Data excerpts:
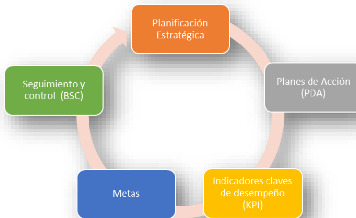
Figura 1: Mapa interacción de procesos-Planificación estratégica, Instituto Guillermo Subercaseaux.
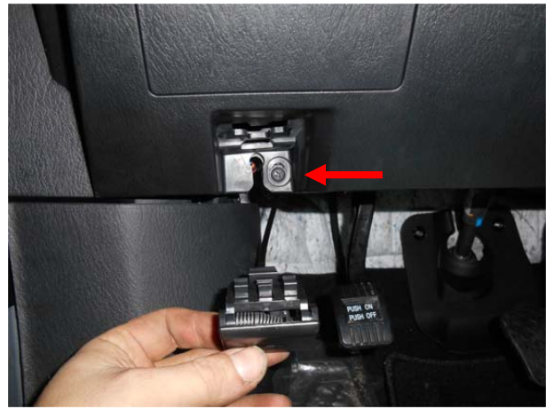
Снять ручку, выкрутить саморез.
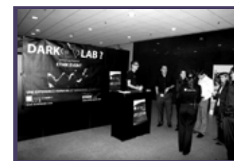
Dark Lab, atelier goût, Tour Areva La Defense, 2008.
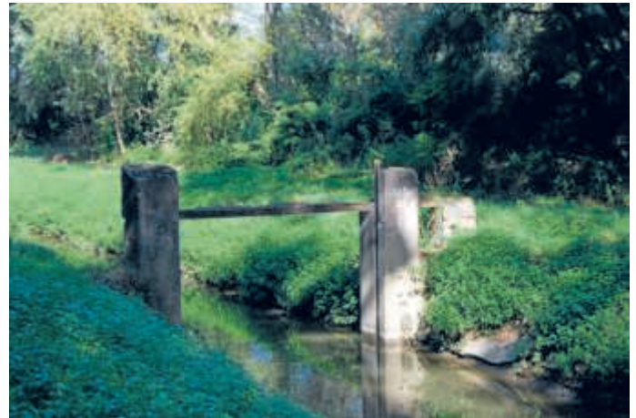
Die Eder'sche Schleuse im Leimbach. Rechts im Bild, wo jetzt die Bäume zu sehen sind, befand sich der Fischteich der Ziegelei Eder. Zuvor hatte man dort die Tonerde für die Ziegel gewonnen.
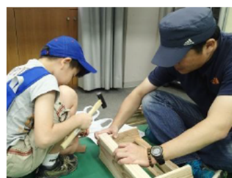
木製マガジンラック作り。たくさんご参加いただきました。
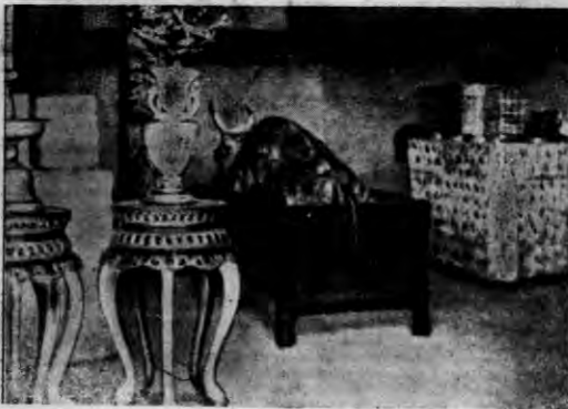
Po raz pierwszy od swego wstąpienia na tron opuścił cesarz Pary stółem państwa Mandlako, by świadczą groby swych przodków, którym złożył wołu na ofiarę.
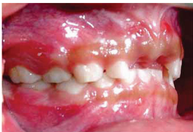
Figura 5. Lateral derecha. Fístula a nivel de órgano dentario 54 (flecha).
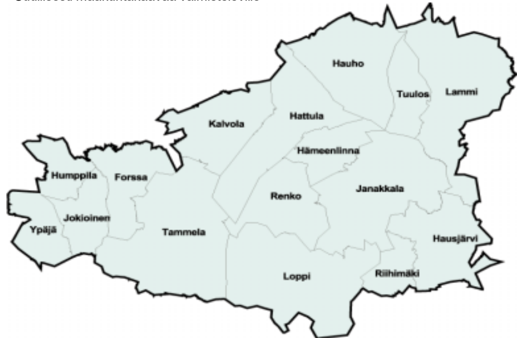
Hämeen liiton toimialue, sen kunnat ja maakuntakaavan suunnittelualue.
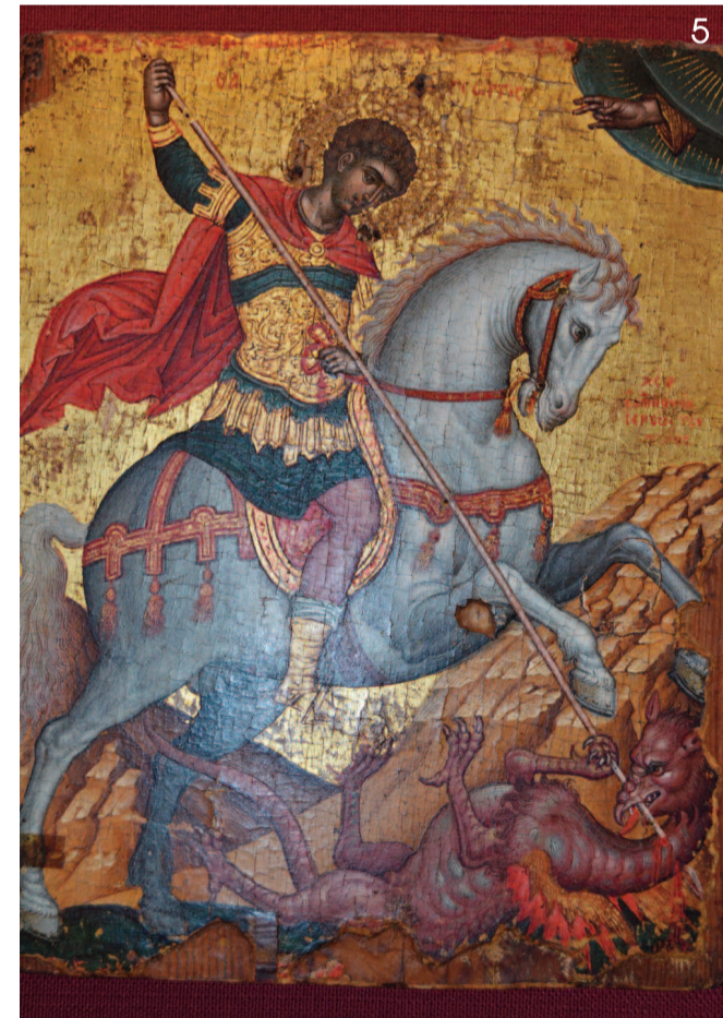
5 Ο Άγιος Γεώργιος Εφιππος Δρακοντοκτόνος έργο του ζωγράφου Εμμανουήλ Τζάνε (1660-1680).

What you will do:
Restate word for word the lines from the one holding "Die Eder'sche Schleuse" down through the last line of the records above, and do not include the pictures.

Task response:
Die Eder'sche Schleuse im Leimbach. Rechts im Bild, wo jetzt die Bäume zu sehen sind, befand sich der Fischteich der Ziegelei Eder. Zuvor hatte man dort die Tonerde für die Ziegel gewonnen.
木製マガジンラック作り。たくさんご参加いただきました。
Po raz pierwszy od swego wstąpienia na tron opuścił cesarz Pary stółem państwa Mandlako, by świadczą groby swych przodków, którym złożył wołu na ofiarę.
Figura 5. Lateral derecha. Fístula a nivel de órgano dentario 54 (flecha).
Hämeen liiton toimialue, sen kunnat ja maakuntakaavan suunnittelualue.
5 Ο Άγιος Γεώργιος Εφιππος Δρακοντοκτόνος έργο του ζωγράφου Εμμανουήλ Τζάνε (1660-1680).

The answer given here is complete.